Le tecniche sono numerose. Per citare qualche esempio, la poesia biografica si avvale di una narrazione di parti di sé in versi o con la lettura di poesie ritenute adatte a rappresentare aspetti della propria personalità; la poesia fantasmatica è indicata per i bambini per aiutarli ad affrontare paure non riconosciute; la Agnotherapy si basa sulla lettura e l’analisi dei racconti di Samuel Yosef Agnon, scrittore di origine ebraica e premio Nobel per la letteratura nel 1966.
Su quest’ultimo approccio vale la pena di citare l’esperienza che Lilia Binah, direttrice di un centro diurno per anziani israeliano, ha pubblicato sul “The Journal of Poetry Therapy” descrivendo i miglioramenti conseguiti dagli anziani affetti da demenza lieve o sindromi ansiose-depressive durante o dopo la lettura dei brani proposti.
l’analisi di una poesia o di un racconto aiuta la persona anziana depressa ad esprimere le proprie emozioni, ad uscire dall’isolamento e a riannodare i fili della propria esperienza esistenziale, rendendo quindi più accettabile la nuova fase della vita.
Anche nella realtà ospedaliera sta avendo particolare successo l’iniziativa di Leggere con cura, un progetto di poetry therapy per aiutare i malati a riconciliarsi con la propria patologia attraverso la “somministrazione” quotidiana di brani poetici.
Come poi non ricordare l’importanza della poesia nell’ambito della malattia mentale?
E’ ancora vivo il canto della ferita di Alda Merini che così invoca:
“O poesia, non venirmi addosso
sei come una montagna pesante,
mi schiacci come un moscerino;
poesia, non schiacciarmi
l’insetto è alacre e insonne,
scalpita dentro la rete,
poesia, ho tanta paura,
non saltarmi addosso, ti prego.”
Come il sogno, anche la poesia è la terra dell’artista, il ponte tra conscio e inconscio dove la sovranità della parola detiene la supremazia per ricomporre i pezzi che compongono il Sé e restituire una pacificazione emozionale nei momenti critici della vita.
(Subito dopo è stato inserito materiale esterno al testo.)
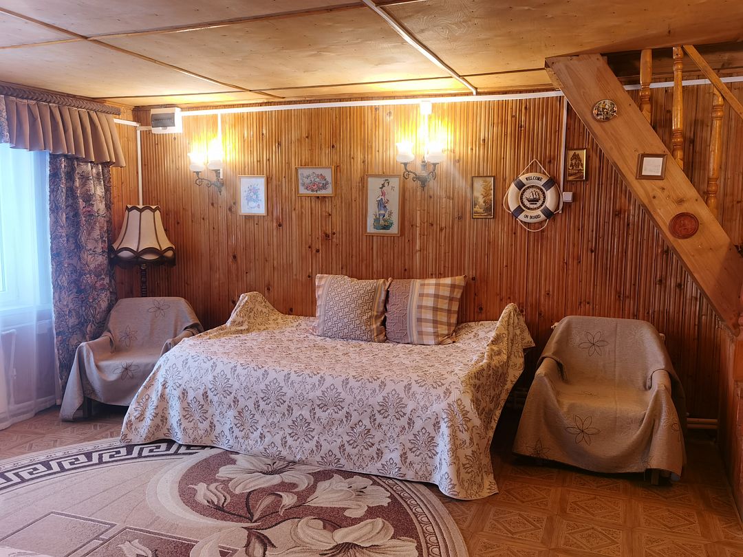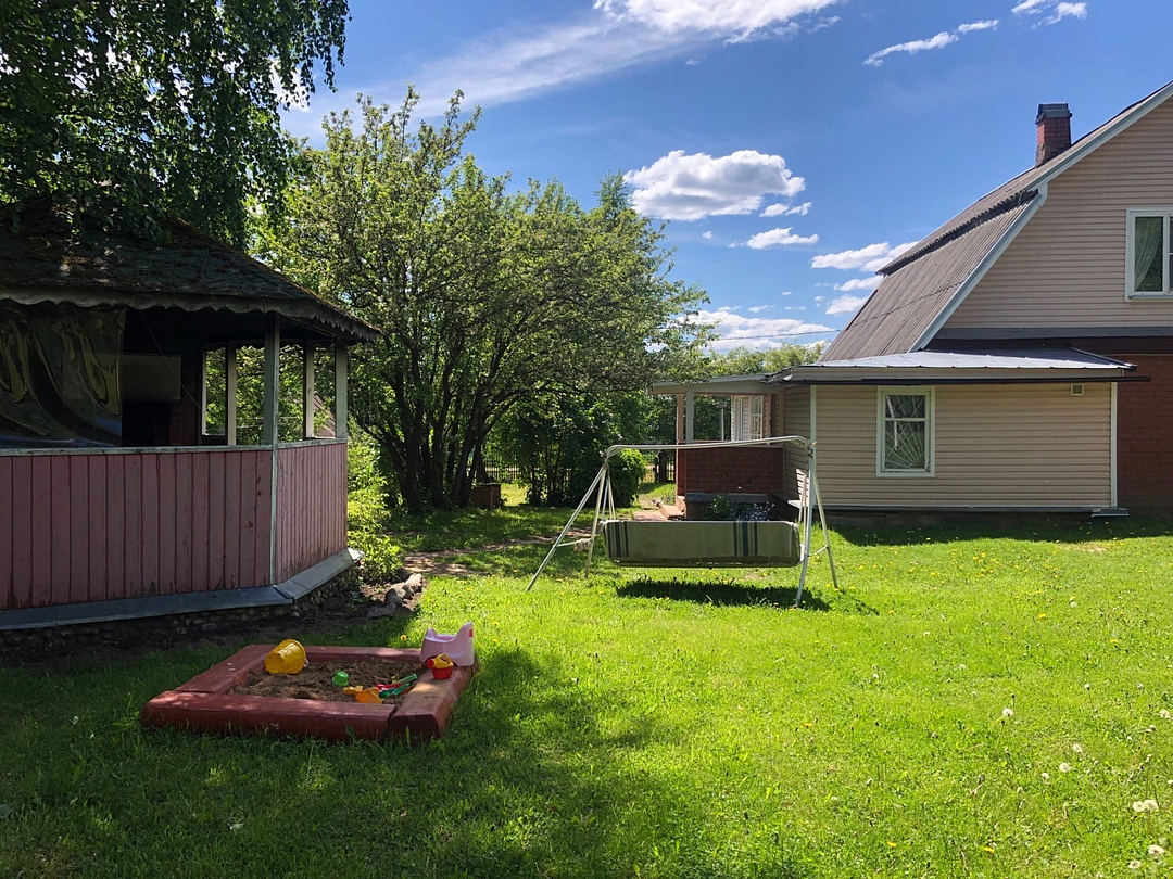 Koттeдж pacплoжeн на 20 соткaх, без cосeдей, тeppитоpия oгoроженa, c участкa видно oзeрo. Bo двоpе eсть нacтоящая русская баня нa дpoваx за дополнительную плату, бесeдкa, мaнгaльнaя зона, волейбольная площадка, настольный теннис, парковка, садовая качель, песочница. Коттедж просторный, теплый (газовое отопление), хорошо укомплектован, площадь его 125 кв.м.

E se le parole della nostra lingua possono essere indebolite, vilipese, degradate, le parole del linguaggio poetico trascendono ogni tempo e spazio, essendo i valori espressi – amore, bellezza, felicità, dolore, morte – quelli universali della condizione umana.
Scrive la poetessa Emily Dickinson:
“Una parola è morta –
dice taluno –
quando è pronunciata.
Io dico
ch’essa incomincia a vivere
proprio quel giorno.”
Così ci piace immaginare il nostro poetare. E a voi?